Tuesday, February 24, 2009
Streams of Consciousness Today was one of those days when the thought processes were so random, they were worth capturing to reflect on the past, present, and future and those burning questions of life. Random Thought #1 - Have you ever had a memory repeat over and over in your head - but one so random and common and meaningless? I keep pondering that there must be a reason - a purpose for revisiting that time, but part of me is afraid to go there. What great mysteries of life am I supposed to learn? Random Thought #2 - Surely there must be a way to stop the time, space continuum so I really can get the laundry, dishes, and prep for the next day complete all while reading a book, crosstiching, Facebooking, and scrap booking.

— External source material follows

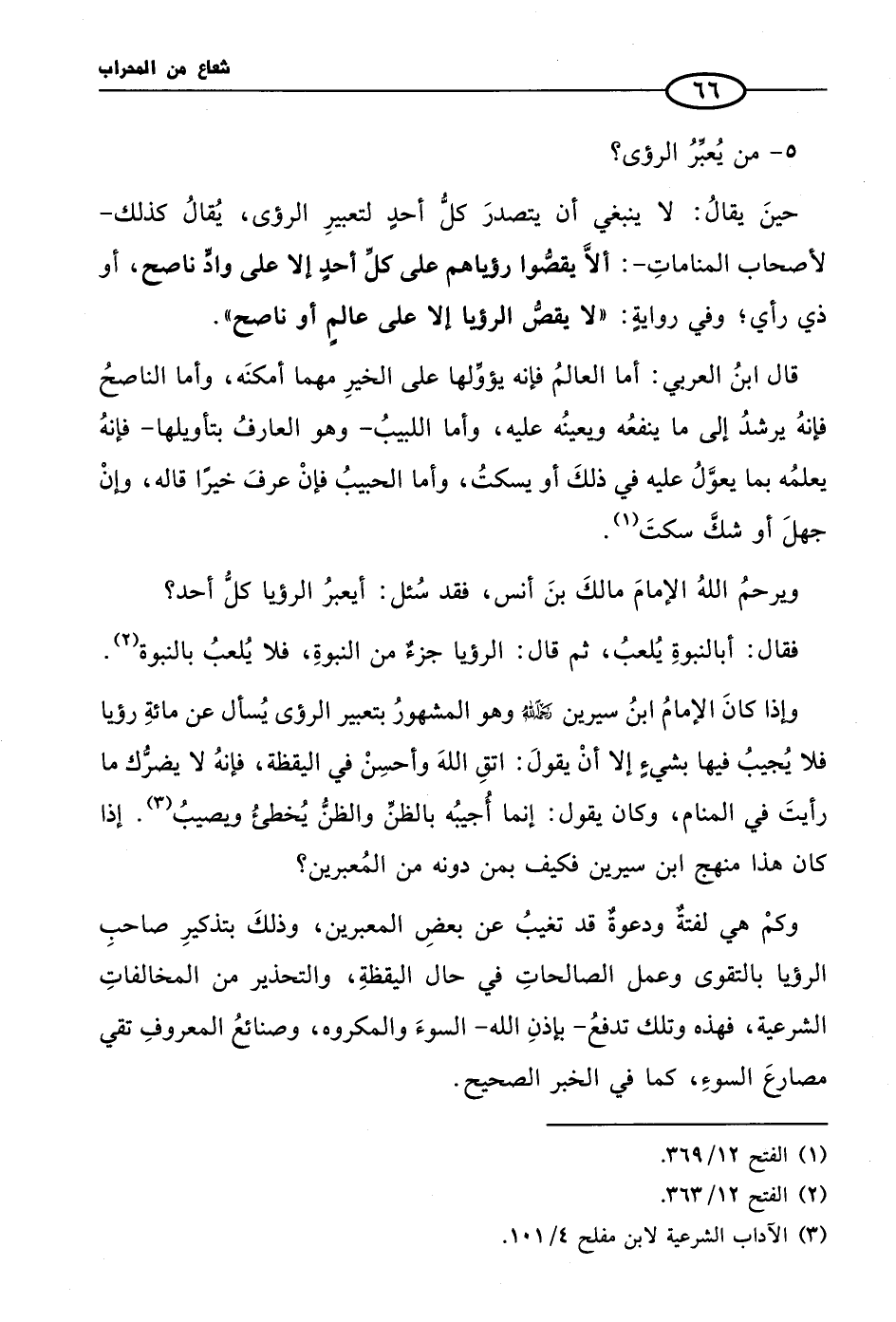 وإذا كانَ الإمامُ ابنُ سيرين- رحمهُ الله- وهو المشهورُ بتعبير الرؤى يُسأل عن مائةِ رؤيا فلا يُجيبُ فيها بشيءٍ إلا أنْ يقولَ: اتقِ اللهَ وأحسِنْ في اليقظة، فإنهُ لا يضرُّك ما رأيتَ في المنام، وكان يقول: إنما أُجيبُه بالظنِّ والظنُّ يُخطئُ ويصيبُ (¬3). إذا كان هذا منهج ابن سيرين فكيف بمن دونه من المُعبرين؟

If anyone has found this wrinkle in time, please let me know. Until then, I will continue to hope and believe and go to bed at 1:30am. Random Thought #3 - If I'm not supposed to value material things in this life, why is it so darn hard to pack it all up, contact the charity and get it out the door? Yet, when that process is started (not even completed!) life feels so new and fresh. I hope to live up to this ideal of simplifying and cutting back the clutter that distracts me. Random Thought #4 - If these baby and toddler years are times that I should cherish, why am I too tired to record the happenings of these times? It would be nice to remember coming home to a house of dancing and singing kids and readily joining in to shake the stress of the day. But will I remember that in 5 years? Or will it only be an impression, a tiny, positive murmur in my mind? That seems so sad - to not fully capture a memory like that. Yet, what is the best way? Random Thought #5 - If this is a place for me to capture my ponderings...why do I spend so little time here? Do I fail to ponder or are my ponderings buried under the daily grind? I suppose it is a choice to embrace and reflect or let it slip away. So maybe I had a theme here - sort of. My random thoughts all point to getting back to basics, to simplifying life, embracing memories past and present, living for today, and reflecting on the gifts of life. From here on, I will embrace and reflect more and hopefully make it worth your while to visit my little corner of cyberspace.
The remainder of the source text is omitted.